The advantage of having a lot of bread offered at breakfast, is that it allows you to sample a lot of delicious homemade and locally made jams – fig, lenon curd, raspberry, apricot, quince – most with chunks of fruit, unlike the jams I have at home that have most of the texture processed out of them. I’m still not being very adventurous with foods for lack of being able to translate a menu. I’m acquiring some new favorites though – tourteau is round bread with a black crust with a creamy texture and just a hint of sweetness. “Italiennes” – the French version of a soft serve swirl, this one is chocolate and pistachio, always served in a sugar cone. I’m not impressed with crepes, but am becoming a fan of Prosecco spritzes, and cognac. I’m now buying water two bottles at a time…

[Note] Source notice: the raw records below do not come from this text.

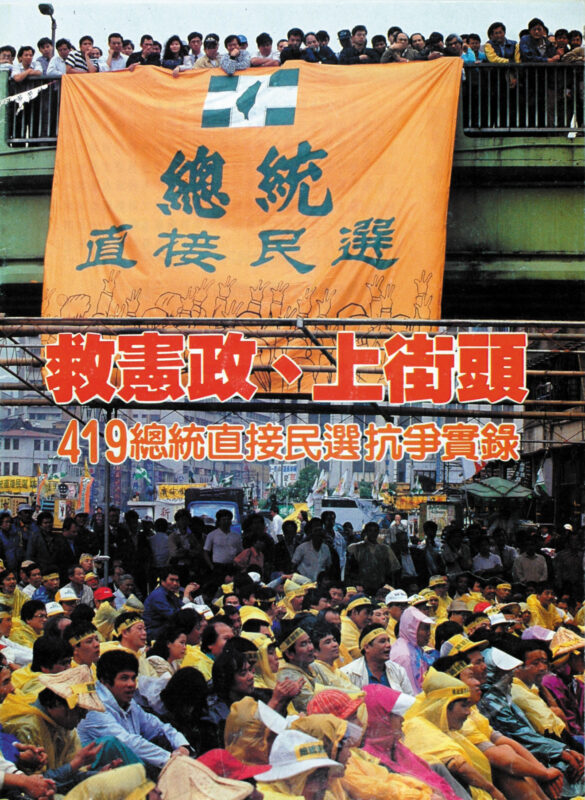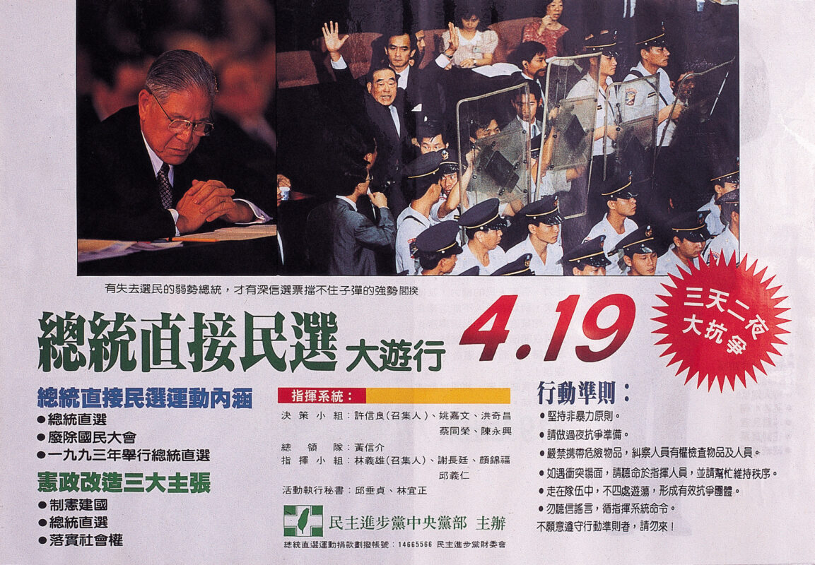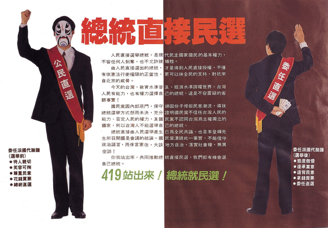1992年4月19日,民進黨發起「總統直選大遊行」,我負責設計這次的四一九總統直選傳單與海報,文宣上就清楚表示民進黨的決心。要展開三天二夜的長期抗爭,傳單上帶著面具的人,就是在諷刺國民黨修憲小組馬英九的「委任選舉」的主張。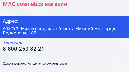 MAC cosmetics, магазин по адресу 603093, Нижегородская область, Нижний Новгород, Родионова, 187 в дальнейшем Организация, размещена в следующих категориях: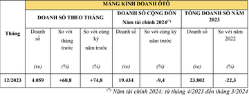 2/ DOANH SỐ BÁN Ô TÔ: 4.059 xe, tăng 60,8% so với tháng trước và tăng 74,8% so với cùng kỳ năm trước. Tổng doanh số cả năm 2023 là 23.802 xe, giảm 22,3% so với năm 2022, cụ thể: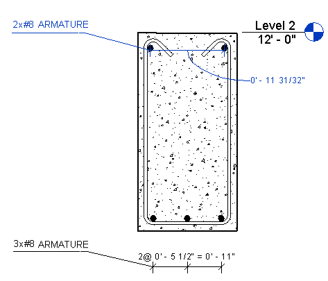 Avec les annotations multi-armature, vous pouvez sélectionner plusieurs armatures alignées et afficher les cotes entre les références d'armature, ainsi que les données de paramètres.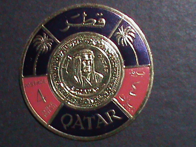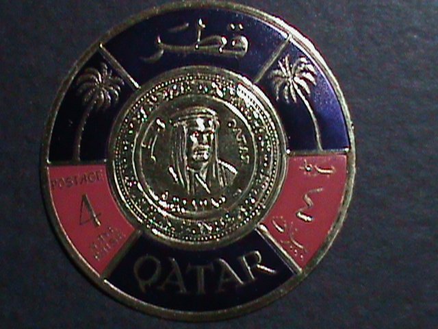 QATAR-1966 SC# 99B SHEIK AHMAD COIN-GOLD FOIL STAMP-MINT VERY FINE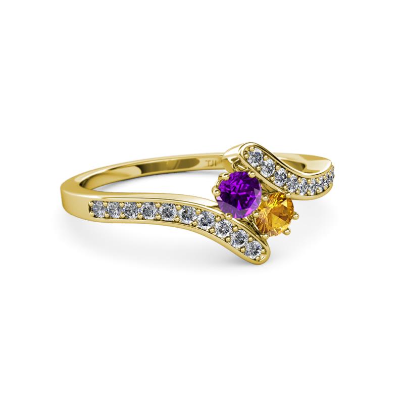 Amethyst and Citrine 2 Stone with Side Diamonds Womens Bypass Engagement Ring 0.66 ctw 14K Yellow Gold More Details ...

I take a really pleasant stroll along the La Rochelle waterfront this morning to view the Atlantic. It’s really warm at 9 AM (32c – 89 degrees) and I really need to find a hat. I reach another marina, and decide it’s time to turn back and find the Automaton Museum.

The Automaton Museum is fun, though most of the figures seem pretty rudimentary. Most are under 18″ tall and make minimal movement. Half a dozen, like the Hurdy-Gurdy player shown here, were life-size. Some, like the Charcutier, made social commentary. A clown lost his head which would show up a minute later in a box. There were two cages of birds from 1905 that had been real at one time before reaching the taxidermist and being outfitted with mechanisms that would make their heads turn and produce song. They were pretty creepy.

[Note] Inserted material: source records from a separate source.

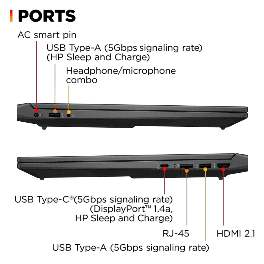 Ports | 1 USB Type-A 5Gbps signaling rate (HP Sleep and Charge); 1 USB Type-A 5Gbps signaling rate; 1 AC smart pin; 1 HDMI 2.1; 1 headphone/microphone combo; 1 RJ-45; 1 USB Type-C® 5Gbps signaling rate (DisplayPort™ 1.4a, HP Sleep and Charge) |
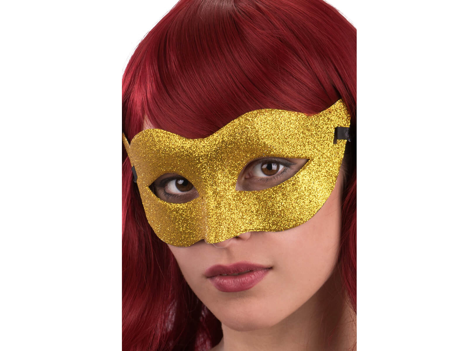 Niezwykle efektowna i elegancka Maska wenecka w kolorze złotym ozdobiona brokatem z pewnością doda blasku Twojemu karnawałowemu lub noworocznemu strojowi. Ta piękna maska jest idealna na różnego rodzaju bal maskowy, sylwestrową noc czy tematyczne przyjęcie. Wykonana z trwałych, ale lekkich materiałów maska zapewnia komfort noszenia przez całą noc. Złoty kolor i brokatowe zdobienia świetnie komponują się z eleganckimi, jak i bardziej odważnymi kostiumami, tworząc niezapomniany wygląd.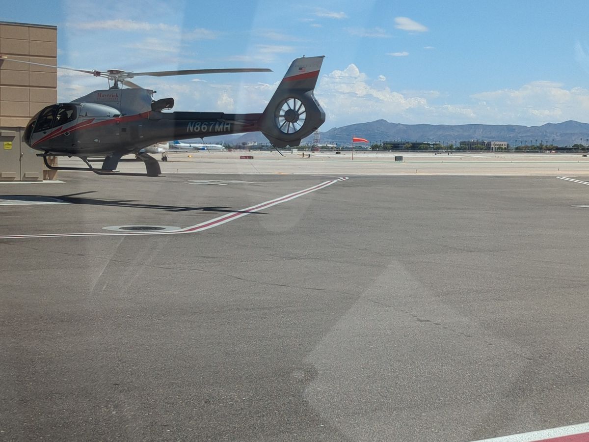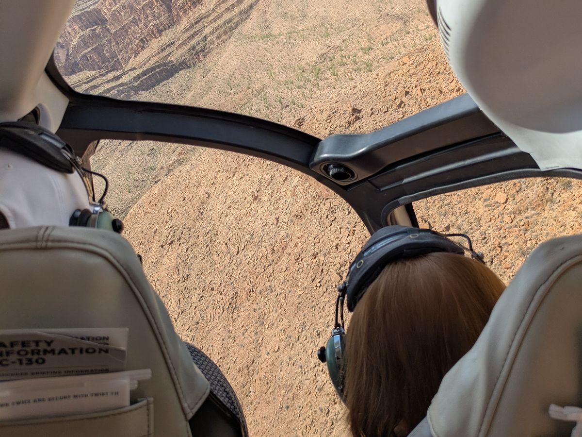 当日は、4機のヘリコプターでのツアー 1機にはパイロットを除いて後部座席4人・前部座席3人の 計7人乗ることができます。空港→グランドキャニオンウエストランディング→給油立ち寄り→空港で 途中2回の着陸があり その都度 後部座席右側→後部座席左側→前部座席と席替えをしてくれます。

I learned that automatons, or mechanical figures, became popular in the 12th century when they replaced human bell ringers in churches and cathedrals. Automata gained their peak during the 18th-19th centuries. Between the 16th-18th centuries they became associated with music boxes. The Vichy et Compagnie, founded by watchmaker Antoine Vichy in 1862, started producing mechanical toys. His son Gustave took over the business the following year, and exhibits his musical automatons at the Exhibition Universal in 1878, to great acclaim. The company was handed down father to son until it was eventually sold to Jouets et Automates Francais (JAF) in 1920. They were just one of many makers of mechanical toys during this period.

I took videos of some of the more interesting automatons, which you will find on my YouTube channel. My favorites were the man oiling his mechanical duck (made by Vaucanson in the mid 1700s), the magician, and the dim-sum waiter. Not shown here is a woman who could write.

There were a number of ornate vignettes with pairs or groupings of automatons that gave the appearance of interacting with each other. The detailing was pretty impressive.

The ticket for the Automaton Museum gets you into the Models Museum next door. It is filled with ships, cars, trucks and trains and is very dated, and the air was oppressively stale, so I did not stay long.

After shopping the farmer’s market for lunch, I went to the Musee de Monde Nouveau (Museum of the New World), where I would learn about France’s relation and fascination with the Americas from the 17th century to the modern day.

2 thoughts on “Automatons – The Director’s Cut…

  1. When I lived in France many years ago, the American West, cowboys and Indians, was a very big interest there, with restaurants having Western themes and even some very small reenactment groups.